### [TASK PROMPT]
Please copy out the full listing that follows exactly; no picture belongs in the copy.

======== DATA EXCERPT ========

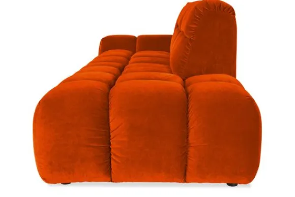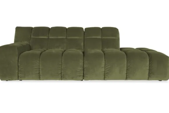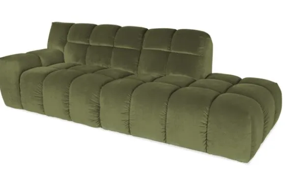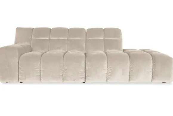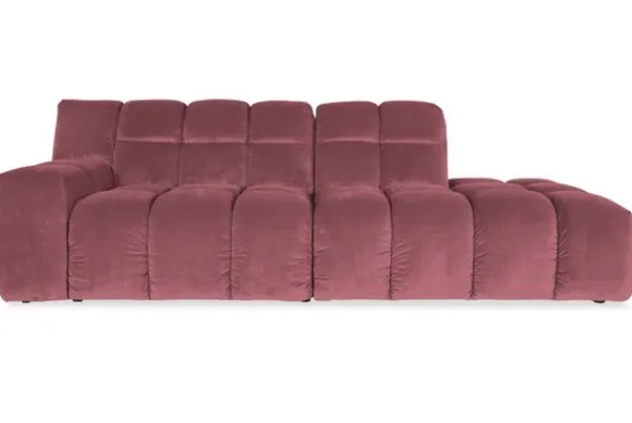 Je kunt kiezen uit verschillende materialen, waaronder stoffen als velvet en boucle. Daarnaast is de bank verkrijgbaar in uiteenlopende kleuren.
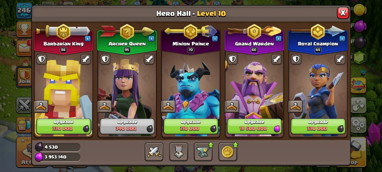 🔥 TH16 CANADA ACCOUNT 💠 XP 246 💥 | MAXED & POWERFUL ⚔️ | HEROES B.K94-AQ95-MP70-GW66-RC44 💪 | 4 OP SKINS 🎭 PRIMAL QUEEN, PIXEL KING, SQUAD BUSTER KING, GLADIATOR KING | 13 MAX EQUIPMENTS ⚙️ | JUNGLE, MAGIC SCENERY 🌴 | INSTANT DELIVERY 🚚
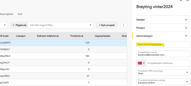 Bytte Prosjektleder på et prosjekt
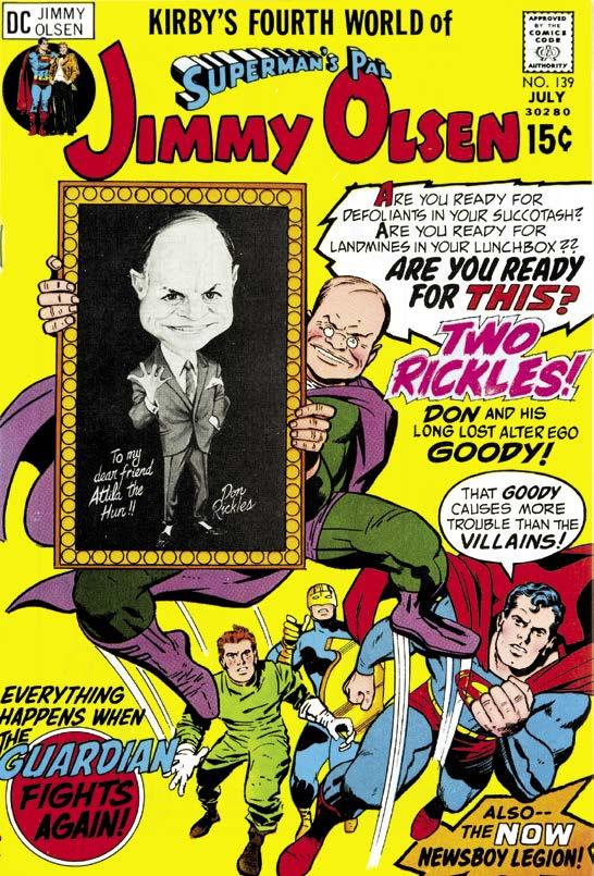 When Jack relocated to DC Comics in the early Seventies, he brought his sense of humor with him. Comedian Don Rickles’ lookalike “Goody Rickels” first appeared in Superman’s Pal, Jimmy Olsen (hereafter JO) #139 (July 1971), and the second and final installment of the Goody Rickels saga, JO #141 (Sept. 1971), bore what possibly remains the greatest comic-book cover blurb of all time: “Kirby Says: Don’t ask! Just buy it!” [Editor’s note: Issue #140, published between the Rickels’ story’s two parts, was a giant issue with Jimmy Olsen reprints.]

========

### [RESULT FOR THIS EXERCISE]
 Je kunt kiezen uit verschillende materialen, waaronder stoffen als velvet en boucle. Daarnaast is de bank verkrijgbaar in uiteenlopende kleuren.
 🔥 TH16 CANADA ACCOUNT 💠 XP 246 💥 | MAXED & POWERFUL ⚔️ | HEROES B.K94-AQ95-MP70-GW66-RC44 💪 | 4 OP SKINS 🎭 PRIMAL QUEEN, PIXEL KING, SQUAD BUSTER KING, GLADIATOR KING | 13 MAX EQUIPMENTS ⚙️ | JUNGLE, MAGIC SCENERY 🌴 | INSTANT DELIVERY 🚚
 Bytte Prosjektleder på et prosjekt
 When Jack relocated to DC Comics in the early Seventies, he brought his sense of humor with him. Comedian Don Rickles’ lookalike “Goody Rickels” first appeared in Superman’s Pal, Jimmy Olsen (hereafter JO) #139 (July 1971), and the second and final installment of the Goody Rickels saga, JO #141 (Sept. 1971), bore what possibly remains the greatest comic-book cover blurb of all time: “Kirby Says: Don’t ask! Just buy it!” [Editor’s note: Issue #140, published between the Rickels’ story’s two parts, was a giant issue with Jimmy Olsen reprints.]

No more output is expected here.